Cook County, Illinois (which includes the city of Chicago) passed an ordinance last week instructing the sheriff to disregard requests from ICE to hold suspected removable aliens who are arrested. This irrational directive already is sending violent criminal aliens back to the streets instead of into ICE custody, where a few of them might actually be deported, sparing future victims. ICE director John Morton probably doesn't care if Cook County keeps his agents from doing their job, but if Congress does, there is an easy fix – stop rewarding Cook County with millions of dollars in annual SCAAP payments until they start honoring the ICE detainers.

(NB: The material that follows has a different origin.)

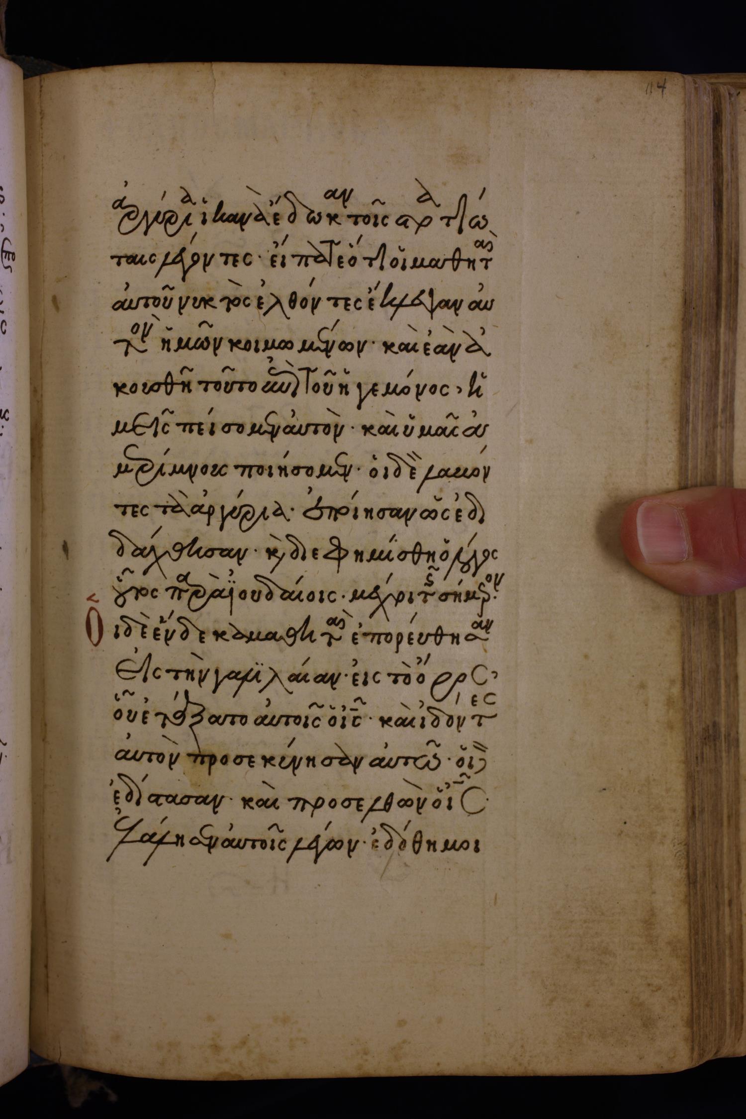 Fifteenth century minuscule (dated to 1430) of the Gospels on paper; 424 leaves, single column, 16 lines per column.

The county commissioners' move likely is in response to statements from ICE that it eventually intends to require all jurisdictions to participate in the Secure Communities program, which shares the fingerprints of all those arrested with ICE so it can take action against those who may be deportable. Mind you, ICE has yet to compel any jurisdiction to take part, and I remain skeptical that it will force the issue. But some of the most diehard sanctuary jurisdictions have decided that if they can't keep ICE from finding out about the criminal aliens in their midst, the next best thing is to keep ICE from taking them into custody. It is a truly extraordinary dereliction of public safety duties in service of the open borders agenda. In addition to Cook County, San Francisco and Santa Clara counties in California, and Taos and San Miguel counties in New Mexico have adopted similar policies.
Most observers agree that ICE can't compel the locals to respect the detainers; they are considered requests, not orders. But the feds have a powerful piece of leverage. Each year, the Department of Justice, in coordination with ICE, dispenses hundreds of millions of dollars to local law enforcement agencies to help offset the cost of incarcerating illegal aliens through a program known as the State Criminal Alien Assistance Program (SCAAP). Congressional appropriators should take steps to ensure that uncooperative sanctuary jurisdictions are barred from receiving SCAAP payments, or any other federal homeland security-related payments, for that matter. Such a provision in an appropriations bill could be written this way.
According to our report "Subsidizing Sanctuaries", last year Cook County received $3.3 million in SCAAP payments, even though the county sheriff didn't lift a finger to assist ICE in removing the criminals. In the meantime, people are getting killed – people like Dennis McCann, who in June was run over by an illegal alien drunk driver who had just months earlier been released from supervision for a previous aggravated drunk driving conviction in Cook County (see here). Such tragedies have so far failed to sway the majority of the commissioners from this reckless course, but the prospect of losing millions of federal dollars in federal funding might get their attention.